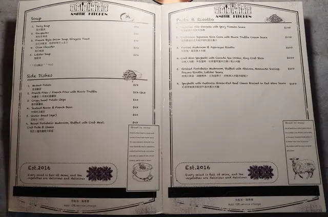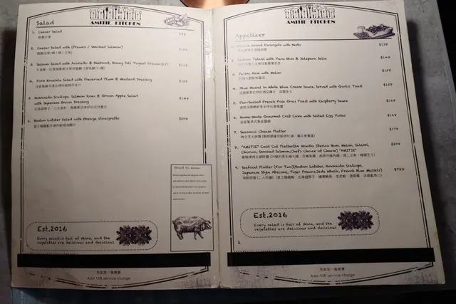 尖沙咀Amitie Kitchen位於H8 9樓,主打西式料理,由曾任職五星級酒店的主廚主理,吸引不少饕客慕名而來,一入到餐廳,浪漫既氣氛即時包圍住我哋,柔和燈光配上法式情調佈置,令人感覺溫馨又放鬆。揀選好餐點之後,店員隨即送上焗得香噴噴既麵包拼盤,包括牛角包、脆麵包捧及抹茶提子包,外脆內軟,香氣撲鼻,為整餐飯揭開序幕。火炙半熟吞拿魚伴柚子味噌醬:吞拿魚表面微炙,保留魚肉鮮嫩,配上清新微酸的柚子味噌醬,味道層次豐富。阿拉斯加比目魚柳:煎得外脆內嫩,魚肉細嫩無腥味,配菜多元化,擺盤亦相當講究。烤燒大啡菇、焗釀鮑魚、北海道帶子、虎蝦意大利飯拌龍蝦汁:海鮮飽滿又新鮮,意大利飯吸收龍蝦汁既精華,香濃惹味,放在大啡菇上面,每一口都充滿海洋風味。香橙乳酸梳打:酸甜清爽,橙香與乳酸味平衡得宜,非常解膩。士多啤梨朱古力窩夫伴士多啤梨雪糕:窩夫外脆內軟,朱古力味濃郁,配上士多啤梨、藍莓及雪糕,為整頓晚餐作完美作結。總結,餐廳不論環境、服務或食物質素都令人滿意,絕對值得再回訪。…查看更多
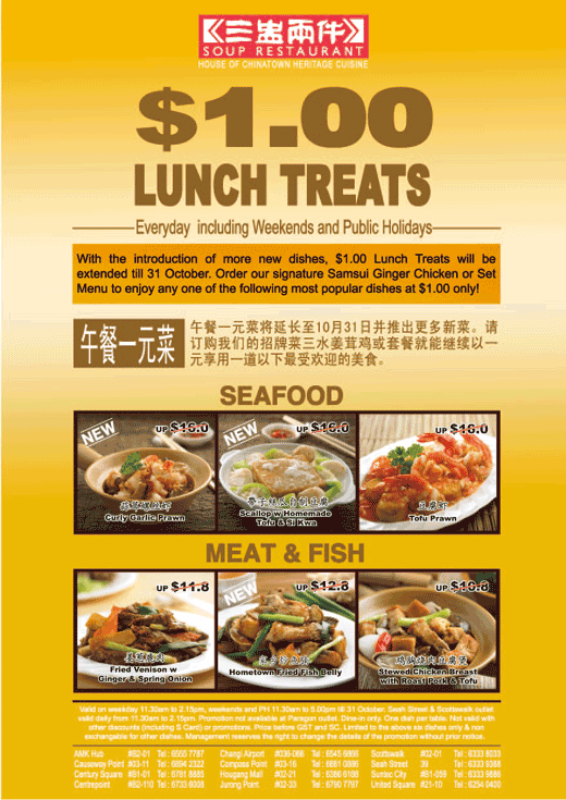 - Seah Street和Scottswalk分店每日11.30am-2.15pm有效。
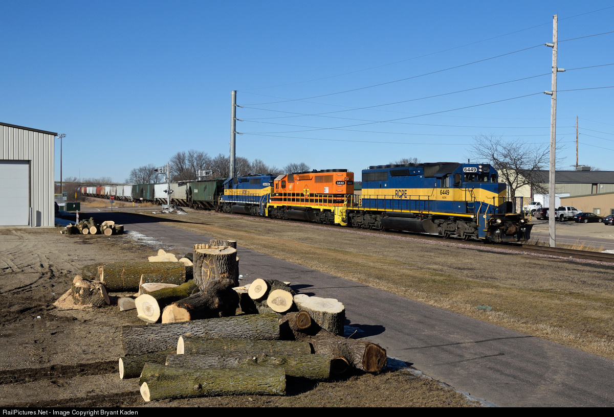 An eastbound train with RCPE power slips through New Ulm, passing alongside a bike trail and a public works building. They've clearly been doing some tree trimming in town. The extra elevation was provided by a large pile of snow, previously removed from city streets, which will probably be here until April if not May.
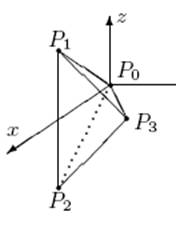 Consider a tetrahedron with vertices at P0 = (0, 0, 0), P1 = (1, 0, 1) , P2 = (1, 0, 1) ,
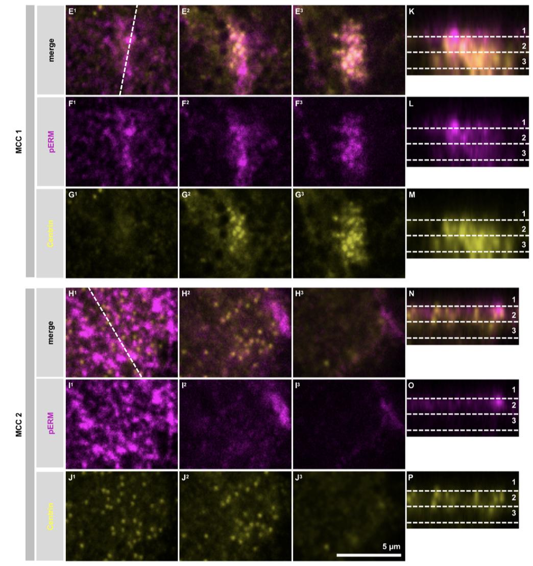 Fig. S5. pERM is transiently recruited at BBs during their ascension. (continued) (E1-J3) confocal x, y planes of the apical surfaces and two intracytoplasmic x, y sections of increasing depth are presented for MCC 1 and MCC 2. (E1, F1, G1, H1, I1, J1) are the most apical planes. (K-P) are x, z optical confocal sections of MCC 1 and MCC 2. (E1-P) Precise coordinates of each confocal sections are explained below. In E1 the dotted line indicates the x, z axis for the optical sections presented in K, L, M. In H1 the dotted line indicates the x, z axis for the optical sections presented in N, O, P. The dotted lines (1, 2, 3) in (K-P) indicate the level of the x, y sections presented in (E1-J3). |
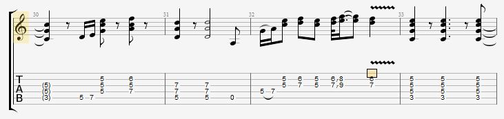 Another thing that was an 'epiphany' is the lick during the 2nd chorus (at the same point). I always had difficulty remembering the fingering for that and would slow down there. Then I 'saw' it as descending in D minor and it clicked. I was actually playing a 3-note per string F major scale prior to playing Crowley, so when I go to that lick it sounded familiar... D minor is the relative minor to F major, so I could see the context.

[Prompt]
In the copy, leave out all pictures, and retype exactly each line from the one with "- Seah Street和Scottswalk分店每日11.30am-2.15pm有效。" through the last line of the entries.

[Written answer]
 - Seah Street和Scottswalk分店每日11.30am-2.15pm有效。
 An eastbound train with RCPE power slips through New Ulm, passing alongside a bike trail and a public works building. They've clearly been doing some tree trimming in town. The extra elevation was provided by a large pile of snow, previously removed from city streets, which will probably be here until April if not May.
 Consider a tetrahedron with vertices at P0 = (0, 0, 0), P1 = (1, 0, 1) , P2 = (1, 0, 1) ,
 Fig. S5. pERM is transiently recruited at BBs during their ascension. (continued) (E1-J3) confocal x, y planes of the apical surfaces and two intracytoplasmic x, y sections of increasing depth are presented for MCC 1 and MCC 2. (E1, F1, G1, H1, I1, J1) are the most apical planes. (K-P) are x, z optical confocal sections of MCC 1 and MCC 2. (E1-P) Precise coordinates of each confocal sections are explained below. In E1 the dotted line indicates the x, z axis for the optical sections presented in K, L, M. In H1 the dotted line indicates the x, z axis for the optical sections presented in N, O, P. The dotted lines (1, 2, 3) in (K-P) indicate the level of the x, y sections presented in (E1-J3). |
 Another thing that was an 'epiphany' is the lick during the 2nd chorus (at the same point). I always had difficulty remembering the fingering for that and would slow down there. Then I 'saw' it as descending in D minor and it clicked. I was actually playing a 3-note per string F major scale prior to playing Crowley, so when I go to that lick it sounded familiar... D minor is the relative minor to F major, so I could see the context.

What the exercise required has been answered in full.